Provided data START

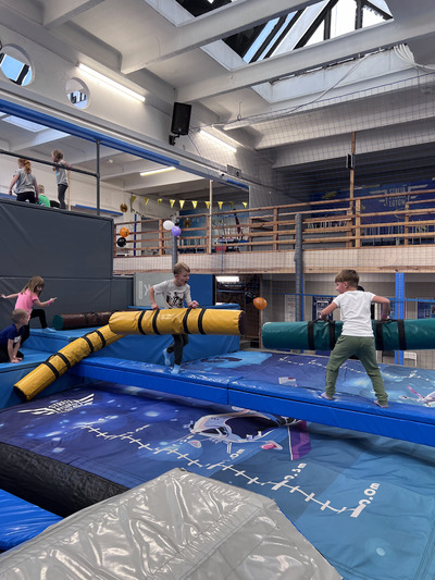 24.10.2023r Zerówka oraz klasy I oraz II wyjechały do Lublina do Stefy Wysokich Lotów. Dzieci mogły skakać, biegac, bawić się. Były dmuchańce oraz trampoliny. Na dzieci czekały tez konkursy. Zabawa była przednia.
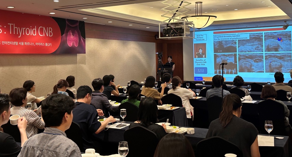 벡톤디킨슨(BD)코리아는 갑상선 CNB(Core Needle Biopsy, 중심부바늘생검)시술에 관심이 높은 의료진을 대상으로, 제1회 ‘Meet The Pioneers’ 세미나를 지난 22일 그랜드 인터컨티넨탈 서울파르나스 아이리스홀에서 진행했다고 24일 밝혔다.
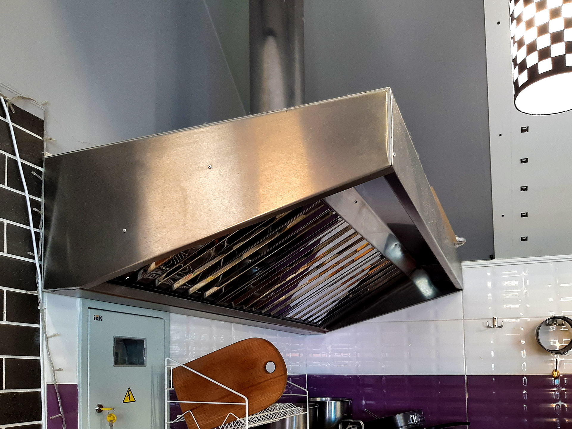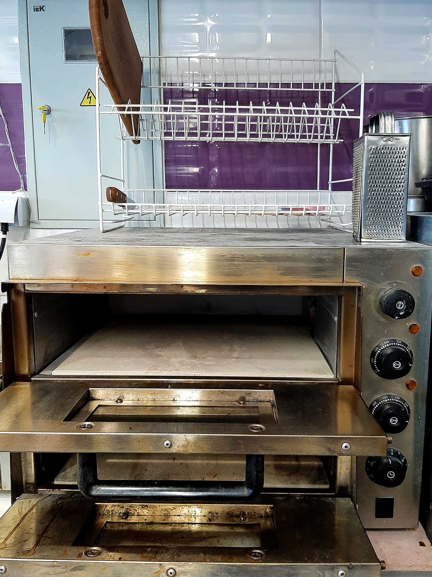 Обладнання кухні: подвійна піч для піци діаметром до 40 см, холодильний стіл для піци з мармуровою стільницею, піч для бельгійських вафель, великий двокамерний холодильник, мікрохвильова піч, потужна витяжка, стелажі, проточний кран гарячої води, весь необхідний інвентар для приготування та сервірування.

Provided data END

What you need to do:
For this exercise, return the material word for word and drop each image.

Reply to the exercise:
 24.10.2023r Zerówka oraz klasy I oraz II wyjechały do Lublina do Stefy Wysokich Lotów. Dzieci mogły skakać, biegac, bawić się. Były dmuchańce oraz trampoliny. Na dzieci czekały tez konkursy. Zabawa była przednia.
 벡톤디킨슨(BD)코리아는 갑상선 CNB(Core Needle Biopsy, 중심부바늘생검)시술에 관심이 높은 의료진을 대상으로, 제1회 ‘Meet The Pioneers’ 세미나를 지난 22일 그랜드 인터컨티넨탈 서울파르나스 아이리스홀에서 진행했다고 24일 밝혔다.
 Обладнання кухні: подвійна піч для піци діаметром до 40 см, холодильний стіл для піци з мармуровою стільницею, піч для бельгійських вафель, великий двокамерний холодильник, мікрохвильова піч, потужна витяжка, стелажі, проточний кран гарячої води, весь необхідний інвентар для приготування та сервірування.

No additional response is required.